- **EXERCISE DETAILS**: Your output should be the lines below from the one with "2011年10月,自治区党委常委统战部部长马三刚(中)莅临学院指导工作" through the one with "azzal töltik a", copied exactly, pictures excluded.

*** Opening DATASET RECORDS ***

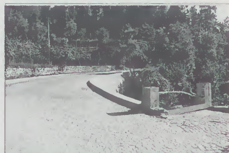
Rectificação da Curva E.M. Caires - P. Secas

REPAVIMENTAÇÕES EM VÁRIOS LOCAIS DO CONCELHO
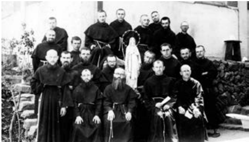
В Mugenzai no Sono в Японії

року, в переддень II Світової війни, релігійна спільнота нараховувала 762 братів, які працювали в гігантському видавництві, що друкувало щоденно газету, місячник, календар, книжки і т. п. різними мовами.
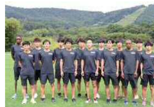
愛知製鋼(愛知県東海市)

*** Closing DATASET RECORDS ***
*** Opening DATASET RECORDS ***

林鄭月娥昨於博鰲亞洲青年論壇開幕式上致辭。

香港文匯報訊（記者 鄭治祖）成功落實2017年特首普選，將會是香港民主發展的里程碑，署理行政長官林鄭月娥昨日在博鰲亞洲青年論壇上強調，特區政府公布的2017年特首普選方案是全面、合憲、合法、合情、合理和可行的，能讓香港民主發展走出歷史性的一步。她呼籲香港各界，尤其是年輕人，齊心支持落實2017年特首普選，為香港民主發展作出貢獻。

*** Closing DATASET RECORDS ***
*** Opening DATASET RECORDS ***

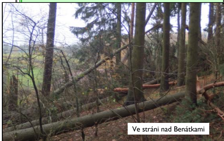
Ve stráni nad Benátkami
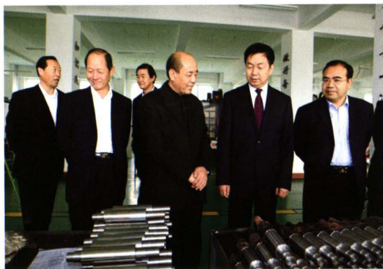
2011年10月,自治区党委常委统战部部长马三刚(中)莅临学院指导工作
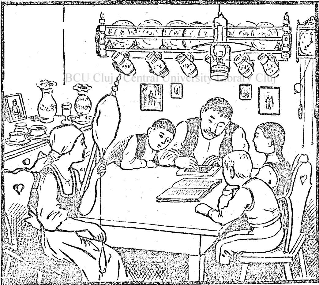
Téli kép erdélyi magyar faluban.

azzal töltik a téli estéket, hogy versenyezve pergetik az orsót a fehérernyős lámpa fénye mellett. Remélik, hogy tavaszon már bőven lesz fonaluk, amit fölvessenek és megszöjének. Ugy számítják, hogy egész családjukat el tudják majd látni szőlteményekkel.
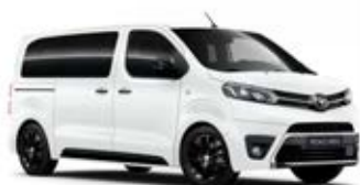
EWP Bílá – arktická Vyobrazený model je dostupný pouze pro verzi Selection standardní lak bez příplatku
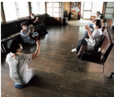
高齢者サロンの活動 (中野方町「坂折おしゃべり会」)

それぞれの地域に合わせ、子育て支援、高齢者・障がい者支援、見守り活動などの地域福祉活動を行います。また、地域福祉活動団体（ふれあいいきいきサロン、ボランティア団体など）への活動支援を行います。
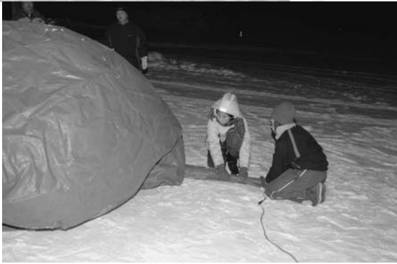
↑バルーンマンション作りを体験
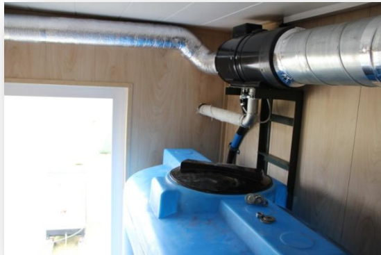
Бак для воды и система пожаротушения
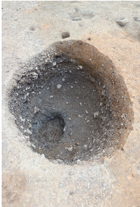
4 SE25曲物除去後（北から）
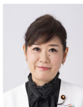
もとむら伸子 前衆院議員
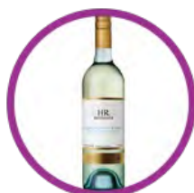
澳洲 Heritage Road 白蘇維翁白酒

*** Closing DATASET RECORDS ***

- **OUTPUT FOR THIS EXERCISE**:
2011年10月,自治区党委常委统战部部长马三刚(中)莅临学院指导工作
Téli kép erdélyi magyar faluban.

azzal töltik a téli estéket, hogy versenyezve pergetik az orsót a fehérernyős lámpa fénye mellett. Remélik, hogy tavaszon már bőven lesz fonaluk, amit fölvessenek és megszöjének. Ugy számítják, hogy egész családjukat el tudják majd látni szőlteményekkel.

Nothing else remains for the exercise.